I dragged her to court so she could see a real argument up close.

I even fed her cases to build her name.

And now, her voice was the loudest, calling me a useless has-been.

I couldn’t take it anymore. I stopped, turned, and walked straight to Brenda’s cubicle.

She was mid-sentence, a smug sneer on her face.

My eyes fell to the crystal gavel on her desk, engraved with “Outstanding Contribution: Golden Gate Capital Case.”

It was a custom memento the firm had made after I led the team to a landmark victory last year.

Her name was on it.

I snatched it up, meeting her terrified gaze.

“Victoria, what are you doing—?” Brenda shrieked.

I raised the gavel high.

I stared her down, my voice dropping to a low whisper. “This was never yours.”

Smash!

The crystal exploded against the marble floor. Shards flew everywhere.

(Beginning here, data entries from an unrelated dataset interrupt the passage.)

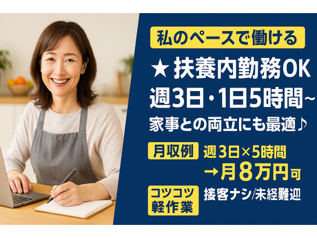 \平日だけ×1300円で月8万円/週3日×1日5時間~扶養内OK◎未経験歓迎!
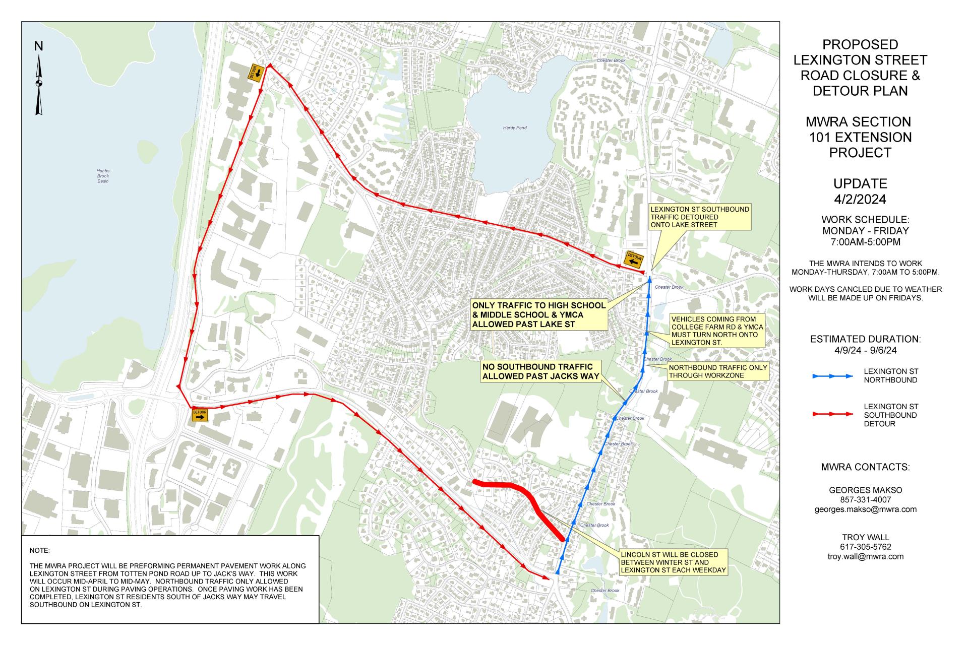 The Section 101 Pipeline Extension project consists of a new 36-inch diameter water main and appurtenances extending from MWRA’s Meter 182 at the Waltham/Lexington town line down Lexington Street to Totten Pond Road, where it will connect to Waltham’s water system. This connection will provide a new redundant water supply to Waltham’s Prospect Hill Service area from the NEH pressure zone and to MWRA’s Lexington Street Pumping Station. In an emergency, the pipeline will provide a partial water supply to MWRA’s NEH pressure zone from the Lexington Pumping Station. This new water main will provide sufficient capacity to maintain water service to Waltham during the anticipated shutdown of MWRA’s WASM 3 pipeline and the Lexington Street Pumping Station for future rehabilitation.
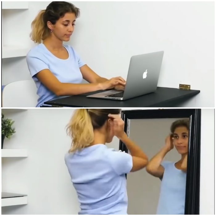 Такое дизайнерское решение обеспечивает сразу двойную экономию: денег и свободного пространства. Письменным столом мы пользуемся не постоянно, так почему бы не объединить его вместе с зеркалом в одно целое? Рациональное решение легко оформить: столешница из ДСП крепится к стене рояльными петлями, а с другого края к ней прикрепляется зеркало с рамой идентичных размеров. Когда вы работаете за ноутбуком, рама с зеркалом выполняет роль ножки, а после выполнения работы вся конструкция собирается и закрепляется на стене с помощью задвижки. Пространство освобождено, а на стене красуется только зеркало.
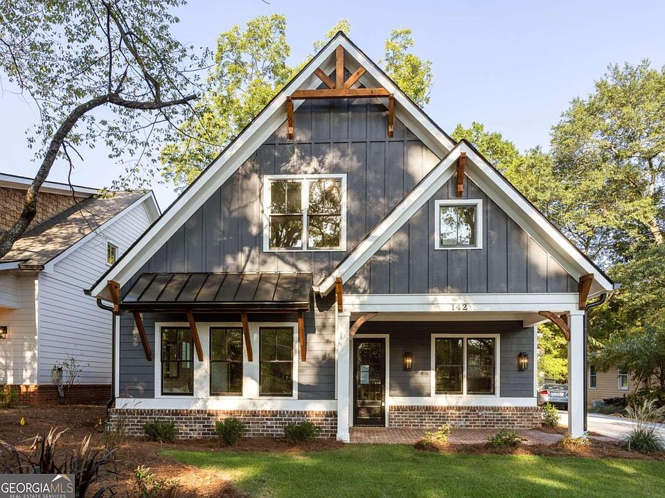 A quiet, tree-lined street welcomes you into this brand-new, sophisticated home in Decatur. Award-winning Lockman Homebuilding has built a gorgeous 5 Bed, 4.5 Bath with exceptional features like upstairs and downstairs laundry rooms, a bookcase opening up to a hidden storage room, and a primary suite on the main floor! Interesting architectural details like cedar brackets, metal roof overhangs, and custom exterior lighting make this home a gem. Its roomy front porch provides the perfect spot for catching up with neighbors. The entryway is accented with exposed beams, built-in bookcases, and an art wall with custom lighting. The first-floor office features French doors, built-in bookcases, and soothing natural light. The spacious dining room has thoughtful trim accents and flows into the kitchen for exceptional entertaining. The chefCOs kitchen features floor-to-ceiling custom cabinetry and top-of-the-line JennAir 48C Professional Grade Fridge and appliance package. The oversized island with custom lighting and white oak accents make this kitchen one of a kind. The mix of white oak and sand-colored custom-built cabinets accented by champagne gold hardware and lighting are tied together with the custom hood. The whimsical walk-in pantry features a glass door, custom cabinets, ForumQuartz countertops, custom shelving, and a beverage fridge. For relaxing, the open-concept living room features a gas log fireplace flanked by built-in cabinets with artful lighting. For more lounging and entertaining, the vaulted screened porch just off the living room pulls you towards the private backyard and features artful brick tiles. The perfectly appointed back entry hallway has custom-built cabinets, hooks, and a large bench. A stately checkered floor runs through to the brightly lit first-floor laundry room. The spacious laundry room has everything you need: custom white cabinets, champagne gold accents, a folding counter, and a soaking sink. The first-floor powder room with custom vanity and marble countertops is perfect for guests. The spacious primary suite is conveniently located on the first floor. Light filters through the windows, highlighting the custom-trim accent wall and the overall comfort of the space. The primary suite bathroom features a walk-in frameless glass shower, a large soaking tub, a spacious double vanity, custom cabinetry, marble countertops, champagne gold plumbing and hardware fixtures, and oversized mirrors. The primary suite walk-in closet has well-designed built-in shelving for ample storage. The water closet is separated for privacy. Upstairs, the loft is a perfect second living or rec area. It features an accent wall and 2 walk-in storage areas. One of these is SECRETLY accessed through a built-in bookcase. Each of the three bedrooms has a private full bathroom with artful tile and cabinets. The second-floor walk-in laundry room will keep your home running smoothly, while the upstairs private office or exercise space lets buyers make this house into the home they need. A third oversized finished storage/office/closet space is off the back bedroom. YouCOll have a place for everyone and everything! The home's backyard opens into the fenced-lined yard and detached garage. Private parking is accessed through a quiet back alley. LockmanCOs EarthCraft-certified home means you can rest easy knowing your home has been built to the highest environmental and safety standards. Energy-saving fans, tankless water heater, double-paned windows, and spray foam insulation make this an efficient, effective, and sustainable home. 142 Greenwood is a walkable distance to DecaturCOs award-winning restaurants, shops, and highly-rated schools. The Decatur community is welcoming, with parks, recreation, festivals, and more. Decatur is conveniently located near public transportation, Emory, the CDC, and downtown Atlanta.

The entire office went dead silent.

Everyone froze, avoiding my eyes.

Brenda’s face flushed red, then went white. Her lips trembled, but no words came out.

I swept my gaze across the room. One by one, they flinched, suddenly fascinated by their keyboards.

“Remember this moment,” I said to the room. “The next time you talk about me, remember who won you those team bonuses.”

I turned and walked to my partner’s office.

Pushing the door open, I started clearing my desk.

A framed photo caught my eye.

It was from the celebration two years ago, after our team won its first billion-dollar case.

In the picture, Preston was giving me a thumbs-up, telling everyone I was the pride of the firm.

The irony was suffocating.

I sat down and opened a drawer to pack my personal things.

Nine years.

I fought for this firm for nine whole years.

Countless nights spent buried in case law in the library.

Seventy-two hours straight without sleep to prep a key motion.

Pulling all-nighters to perfect the wording of a single deposition.

I remembered the victories.

After the Golden Gate Capital win, the entire firm got a paid vacation and a fat bonus.

When the Bay Tech verdict came in, Preston called me a genius in front of everyone.

When the Diamond Investment case settled, the client CC’d the whole firm on an email praising my work.

Back then, they all orbited me, treated me like a rock star.

Now they called me a “lone wolf.”

I picked up another photo from my desk.

It was from my father's last time attending one of my trials. He was sitting in the gallery, his eyes filled with pride.

“What would Dad think of all this?” I murmured to myself.

Last month, my mother had a sudden, critical health crisis at her home in Napa Valley.

The main arguments of the case were over. We were in the tedious, but less technical, closing stages.

I couldn’t be in two places at once, so I delegated.

It was Chloe, that eager, humble young lawyer, who came to me. She offered to take on more work so I could go be with my family.

I was so grateful. I handed off most of the repetitive tasks to her.

I even praised her in a partners’ meeting, saying she was a proactive, dependable team player.

I never imagined she’d just slap a new cover page on my legal memos. Or pass off my all-nighters in the law library as her own “brilliant research.” Or present my entire trial strategy as her own damn idea.

And I never, ever imagined they would twist the truth so cruelly.

That the client dinners I missed to sit by my dying mother’s bedside would be weaponized against me. The final nail in the coffin, labeling me as “not a team player.”